Principal Component Analysis

This calculation creates a spatial representation of the similarities within a selected group, or all of the sequences in an alignment. After the calculation finishes, a 3D viewer displays the set of sequences as points in 'similarity space', and similar sequences tend to lie near each other in the space.

Note: The calculation is computationally expensive, and may fail for very large sets of sequences - usually because the JVM has run out of memory. A future release of Jalview will be able to avoid this by executing the calculation via a web service.

Principal components analysis is a technique for examining the structure of complex data sets. The components are a set of dimensions formed from the measured values in the data set, and the principle component is the one with the greatest magnitude, or length. The sets of measurements that differ the most should lie at either end of this principle axis, and the other axes correspond to less extreme patterns of variation in the data set.

In this case, the components are generated by an eigenvector decomposition of the matrix formed from the sum of BLOSUM scores at each aligned position between each pair of sequences. The matrix is not symmetric - elements in the upper diagonal give the sum of scores for mutating in one direction, and the lower diagonal is the sum of scores for mutating in the other.
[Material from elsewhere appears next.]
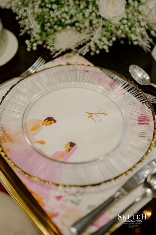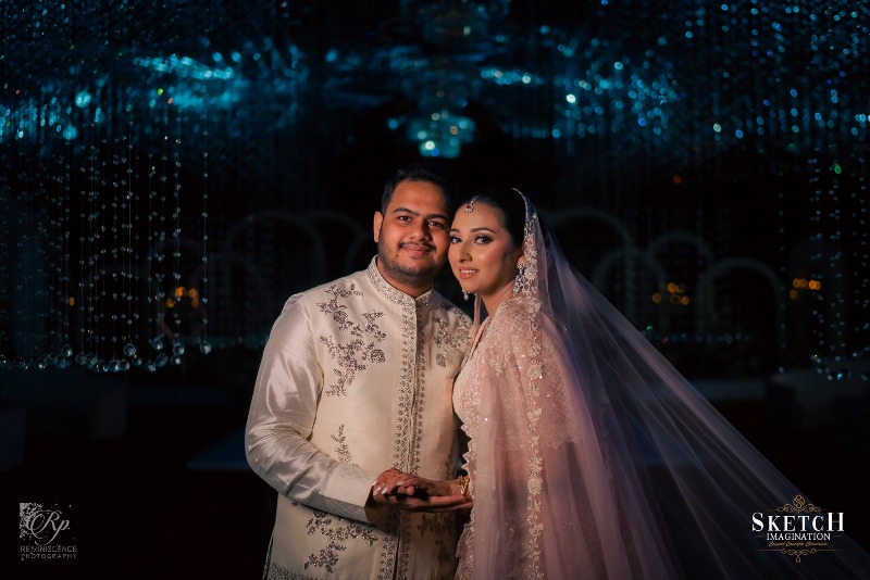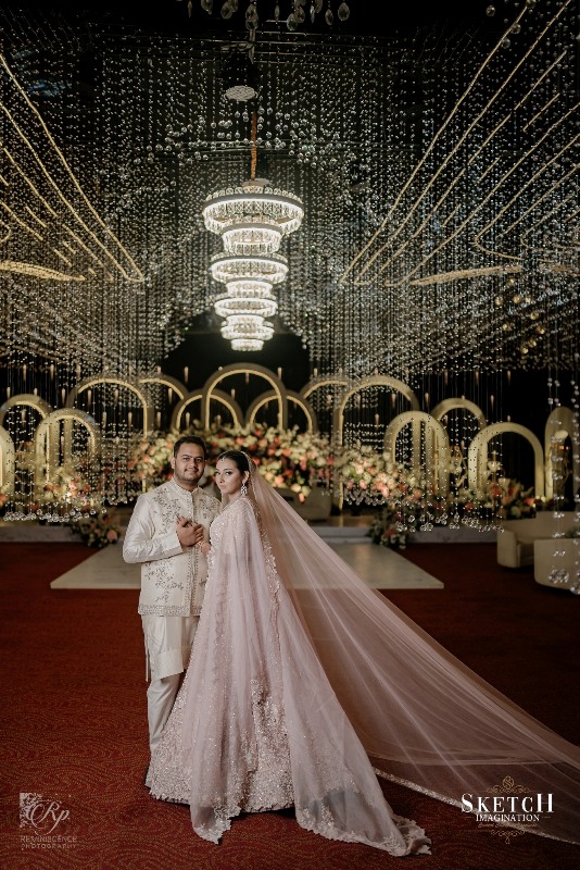 Nikah Ceremony of “Zidan and Farhana”. An elongated archway seamlessly formed of infinite crystal pendants to feel like walking under lustrous rain-drops. Finery blended with the blush palette wall art of abstract nature reflecting the spring, arranged in a sophisticated manner with the arcadia white toned ephemeral structures. Lush pastel florals gracefully adorning the cosy illuminated space giving the impression that less is more. Art deco style rows of monumental arches, played with the light and shadow creating an elegantly opulent ambience.

This is a refinement of the method described in the paper by G. Casari, C. Sander and A. Valencia. Structural Biology volume 2, no. 2, February 1995 (pubmed) and implemented at the SeqSpace server at the EBI.

The PCA Viewer

This is an interactive display of the sequences positioned within the similarity space, as points in a rotateable 3D scatterplot. The colour of each sequence point is the same as the sequence group colours, white if no colour has been defined for the sequence, and green if the sequence is part of a the currently selected group.
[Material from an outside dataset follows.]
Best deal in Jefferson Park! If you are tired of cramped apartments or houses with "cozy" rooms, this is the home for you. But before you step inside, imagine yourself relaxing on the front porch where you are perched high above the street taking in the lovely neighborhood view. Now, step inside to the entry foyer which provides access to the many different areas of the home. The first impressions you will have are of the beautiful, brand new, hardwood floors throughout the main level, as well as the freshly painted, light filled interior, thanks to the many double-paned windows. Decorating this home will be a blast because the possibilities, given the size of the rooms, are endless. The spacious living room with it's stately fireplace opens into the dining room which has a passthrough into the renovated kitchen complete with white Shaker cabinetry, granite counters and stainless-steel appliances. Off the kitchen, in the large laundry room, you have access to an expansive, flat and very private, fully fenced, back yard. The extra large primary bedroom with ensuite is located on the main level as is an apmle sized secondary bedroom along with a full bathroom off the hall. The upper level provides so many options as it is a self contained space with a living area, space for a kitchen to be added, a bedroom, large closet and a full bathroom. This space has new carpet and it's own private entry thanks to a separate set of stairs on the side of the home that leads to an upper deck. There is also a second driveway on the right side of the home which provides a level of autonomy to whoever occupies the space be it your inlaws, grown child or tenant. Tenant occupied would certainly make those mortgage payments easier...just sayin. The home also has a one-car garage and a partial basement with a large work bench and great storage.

The 3d view can be rotated by dragging the mouse with the left mouse button pressed. The view can also be zoomed in and out with the up and down arrow keys (and the roll bar of the mouse if present). Labels will be shown for each sequence if the entry in the View menu is checked, and the plot background colour changed from the View→Background Colour.. dialog box. The File menu allows the view to be saved (File→Save submenu) as an EPS or PNG image or printed, and the original alignment data and matrix resulting from its PCA analysis to be retrieved. The coordinates for the whole PCA space, or just the current view may also be exported as CSV files for visualization in another program or further analysis.

A tool tip gives the sequence ID corresponding to a point in the space, and clicking a point toggles the selection of the corresponding sequence in the associated alignment window views. Rectangular region based selection is also possible, by holding the 'S' key whilst left-clicking and dragging the mouse over the display. By default, points are only associated with the alignment view from which the PCA was calculated, but this may be changed via the View→Associate Nodes sub-menu.

Initially, the display shows the first three components of the similarity space, but any eigenvector can be used by changing the selected dimension for the x, y, or z axis through each ones menu located below the 3d display.